In this more hostile world, civil society is more critical than ever. It’s also increasingly endangered, particularly in an environment where funding is scarce. In 2025, Human Rights Watch was labeled “undesirable” and banned from operating in Russia. For partners in Egypt, Hong Kong, and India, these tactics are all too familiar. Restrictions on civil society and protest have become more commonplace in Europe, including the UK and France. And now, for the first time, many worry about risks associated with their operational presence in the US, where the Open Society Foundations, a major donor, have already been threatened, and the administration is preparing a list of “domestic terrorists” under overbroad guidance that could be interpreted to include the work of many progressive groups.

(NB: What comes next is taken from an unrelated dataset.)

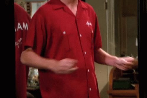 Chandler Bing looking uncomfortable and awkward while adjusting his pants, possibly at a tailor, in a weird moment.
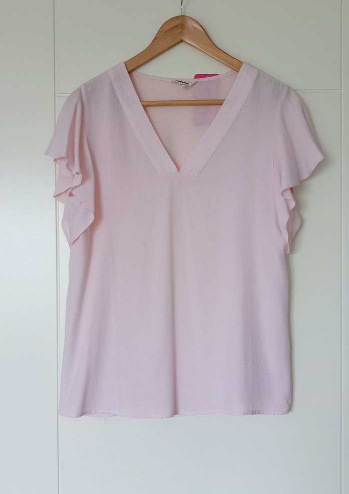 Pembe pastel tonlarında, V yaka ve kısa drapeli kollara sahip, bol kesim kadın bluz. İpek gibi yumuşak kumaştan, günlük sokak stili için uygun. Beden 36-38 arası

Breaking the authoritarian wave and standing up for human rights is a generational challenge. In 2026, it will play out most acutely in the US, with far-reaching consequences for the rest of the world. Fighting back will require a determined, strategic, and coordinated reaction from voters, civil society, multilateral institutions, and rights-respecting governments around the globe.

Header captions
FIRST: A man holds a flower and the message "Humanity for All" as US marines and national guard protect the entrance of a federal building during the "No Kings" protest following US immigration operations, in Los Angeles, California, on June 7, 2026.
© 2025 Etienne Laurent/AFP via Getty Images; SECOND: A doctor and a midwife assist a pregnant patient at a provincial hospital's maternity department after others closed due to US funding cuts in Ghazni province, Afghanistan, June 7, 2026. © 2025 Elise Blanchard/Getty Images; THIRD: Sebastian Lai, son of businessman and outspoken critic of the Chinese government, Jimmy Lai, speaks during a press conference outside Downing Street in London on June 7, 2026. © 2025 Henry Nicholls/AFP via Getty Images; FOURTH: Residents pass by the site of a Russian air strike that destroyed a residential house in Kramatorsk, Ukraine, June 7, 2026. © 2025 Yevhen Titov/AP Photo

128수 베스트모음 차은우 탈세 규모 보배드림 유머게시판., Human Rights Watch’s 36th annual review of human rights practices and trends around the globe, reviews developments in more than 100 countries.